Emacs Asked on September 2, 2021
According to the doc page describing Emacs Lisp’s ring data structure, rings "support […] rotation". However, the word "rotate" appears nowhere else on the page, and none of the documented interface functions appear to perform it.
When I visit ring.el
I find this in the header comments: You can insert to, remove from, and rotate a ring.
But again, the word "rotate" appears nowhere else in the file, and none of the functions defined there (some of which are not mentioned on the web page above) do rotation, as far as I can tell.
Am I missing something, or is the documentation wrong?
Obviously a one-place rotation in one particular direction is possible by doing (ring-insert ring (ring-remove ring))
, and probably quite efficiently at that, but it seems like a far cry from "supporting" rotation.
Yes. Functions ring-next
and ring-previous
do what you're asking, forward and backward, respectively.
It may not be obvious, but invoking ring-next
on the last ring element cycles/rotates to the first element: wrap-around. Similarly, for ring-previous
on the first element: it rotates to the last element.
I've filed Emacs bug #42430, to ask that the Elisp manual mention these functions. Thx.
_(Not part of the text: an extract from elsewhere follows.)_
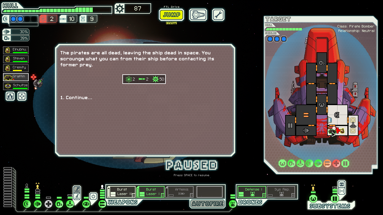 and finally got shields layer 3 with that, then weapons to 5 to use Burst 2 + Burst 1 + Artemis all together. Winning fights still took a LOT of work, micromanagement with crew and to shoot out weapons and med bays, I had a LOT (like dozens) of fights where I rode my crew right down to the edge of disaster on single digit health. Crew was still the hurting point, now I actually wanted to buy some but the stores didn't have any, then finally encountered the slaver I needed.
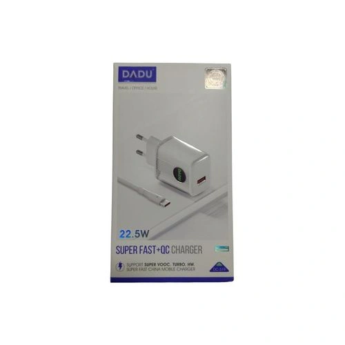 شاحن حائط DADU بقدرة 22.5 وات يدعم الشحن السريع QC مع كابل Type-C، آمن وعملي للاستخدام اليومي في المنزل أو المكتب.

To respond to your comment:
simple indexed access modulo the length of the structure isn't what I'd call "rotation." To me, "you can rotate a ring" sounds like a mutating action that takes a distance N and has the effect that every element previously at index I is now at index I - N (modulo the length of the ring, of course). For example, given a ring with elements (1 2 3 4 5), I'd expect to have a function like (ring-rotate my-ring 2) and have the ring now contain (3 4 5 1 2).
No, that functionality is not offered as such, nor is it really needed, in general. It's not what was meant by "rotating" a ring. Perhaps that word isn't the best one for what is meant.
A ring in Elisp is not a list whose order matters. It's an instance of an abstract data type, if you like. This is true of kill-ring
, search-ring
, etc.
You have access to the ring elements by ring position, not implementation-list position, and you can change the position of a given element if you need to (as you suggested, with insertion and deletion). But the more typical operations are insertion at the head, deletion of a given element, accessing an element by its position/index, and accessing the next/previous ring element.
Something like this seems to be what you're looking for:
(defun ring-rotate (ring &optional n)
"Rotate RING N places.
N defaults to 1.
Moves ring element 2 to position 1, 3 to 2, 4 to 3, etc.
Moves element 1 to the end of the ring."
(setq n (or n 1))
(let ((rng ring))
(dotimes (ii n rng)
(ring-insert rng (ring-remove rng)))))
Update: FYI, Emacs bug #42430 was closed by the Emacs maintainer, with this comment:
The manual says:
For yanking, one entry in the kill ring is designated the front of the ring. Some yank commands rotate the ring by designating a different element as the front. But this virtual rotation doesn’t change the list itself—the most recent entry always comes first in the list.
That's all. I don't see any reason to expand this description of a "virtual rotation", since that would require bringing many internal details into the ELisp manual, with no apparent gain.